3. Experimenting with healthier ways to work

Nick Holmes plans to continue experimenting and trialing new and healthier ways to work – such as providing sleep coaching, nutrition advice, and flexible ways of working – for employees at Avalere Health. Nick and the team are committed to finding new ways to help employees lead healthier lives, not only at work, but at home as well. Nick adds, “Health is not just about careers, but your mind, body, and soul. Rebalance is something that we’re hoping will help improve that.”

Avalere Health will continue to measure the impact of Project Rebalance on employees across the organization, tracking the reduction in sickness and absences and whether there are improvements in their well-being index. They will continue to garner employee feedback every six months to capture progress.

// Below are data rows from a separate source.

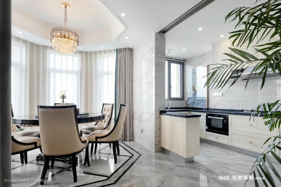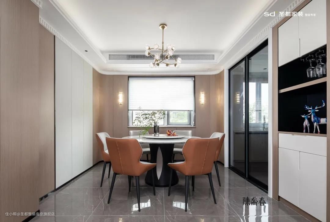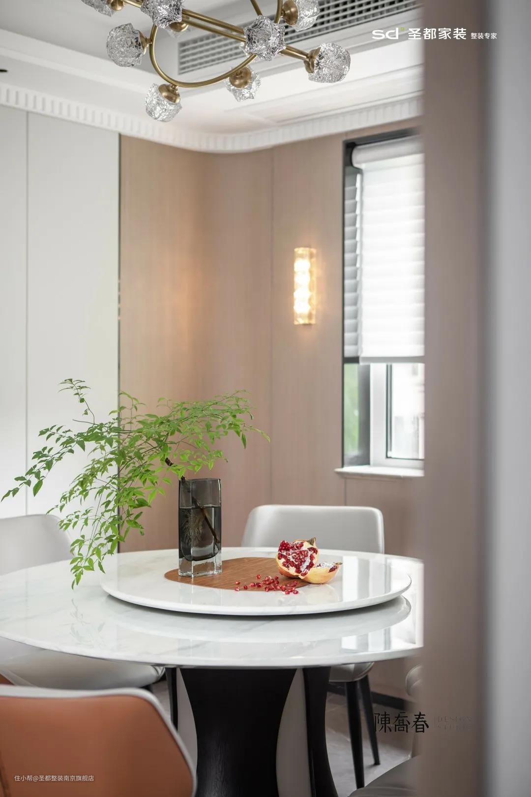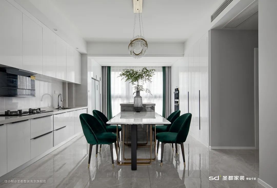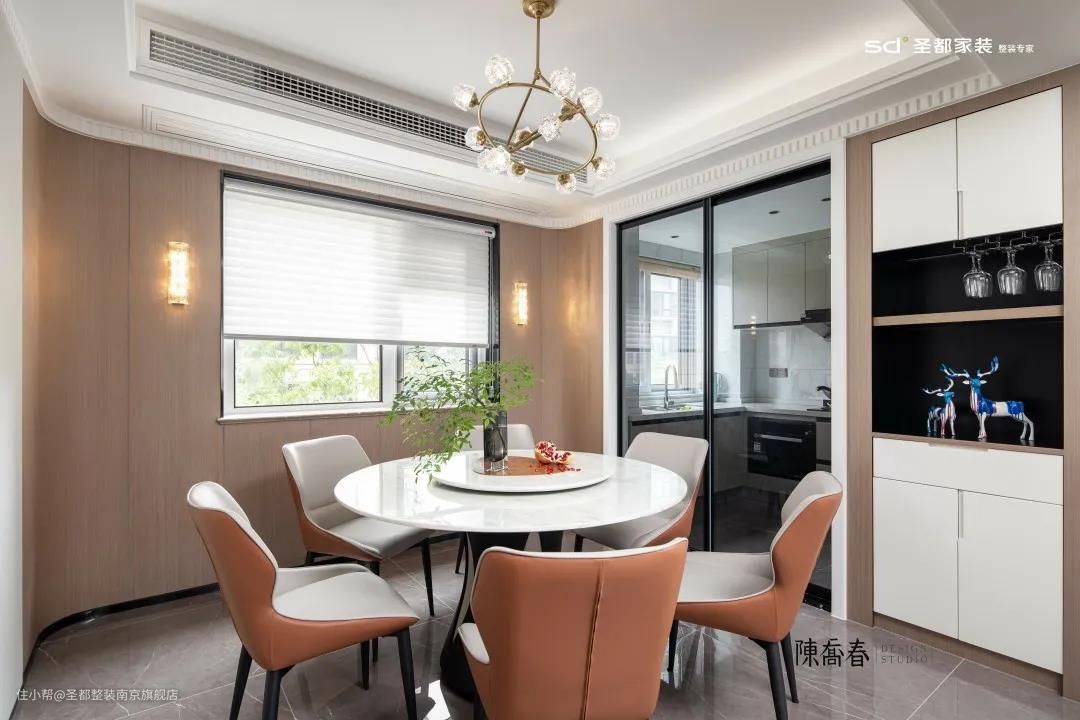 本案中,弧形阳台与厨房相连,直接将其设计成餐厅,一揽窗外无限风光,用餐的心情更美丽。
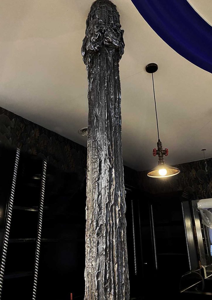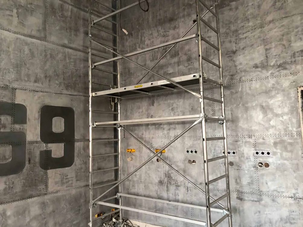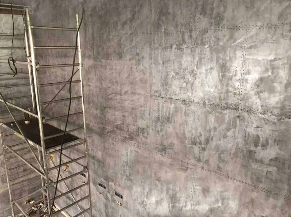 Un décorateur style industriel pour aider ainsi à la mise en place de murs métal en trompe l’oeil.
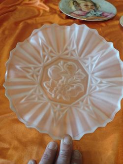 Vintage Frosted Satin Glass Ruffled Bowl - Embossed Fruit Pattern$10Oklahoma City, OK
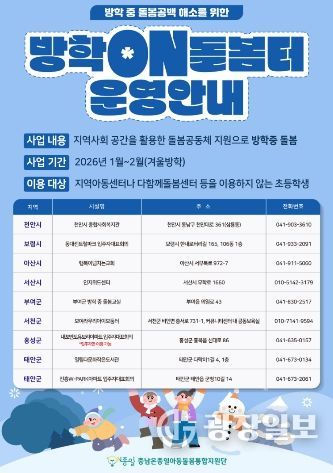 광장일보 주재영 기자 | 충남사회서비스원은 1월 2일부터 겨울방학 기간 동안 돌봄이 필요한 아동을 위해 방학ON돌봄터를 발굴하여 운영을 지원한다.

Furthermore, they are making ‘rebalance’ and ‘health’ a skills-based task that all leaders need to understand, embrace, and adopt. Nick elaborates, “One of the one of the ways that we’re tapping into Fuel50 is actually through our idea of making rebalance and health more of a skills-based task… as we start to build our skill ontology and evolve it even further, rebalancing is going to become a skill for leaders and people to adopt. It’s going to become a critical part of our DNA blueprint.”

Investing in Employee Health and Wellbeing is Critical

Prioritizing the health and wellbeing of your people benefits the individual, but it also impacts critical parts of your organization. When organizations invest in employee wellbeing, they often experience lower attrition, turnover, and burnout, as well as greater productivity, employee engagement, and job satisfaction – attributes that are imperative to any business’s bottom line. Not addressing burnout fast enough can have disastrous effects, so the time to act is now. Ask yourself ­– what are you doing to alleviate stress and burnout for your people?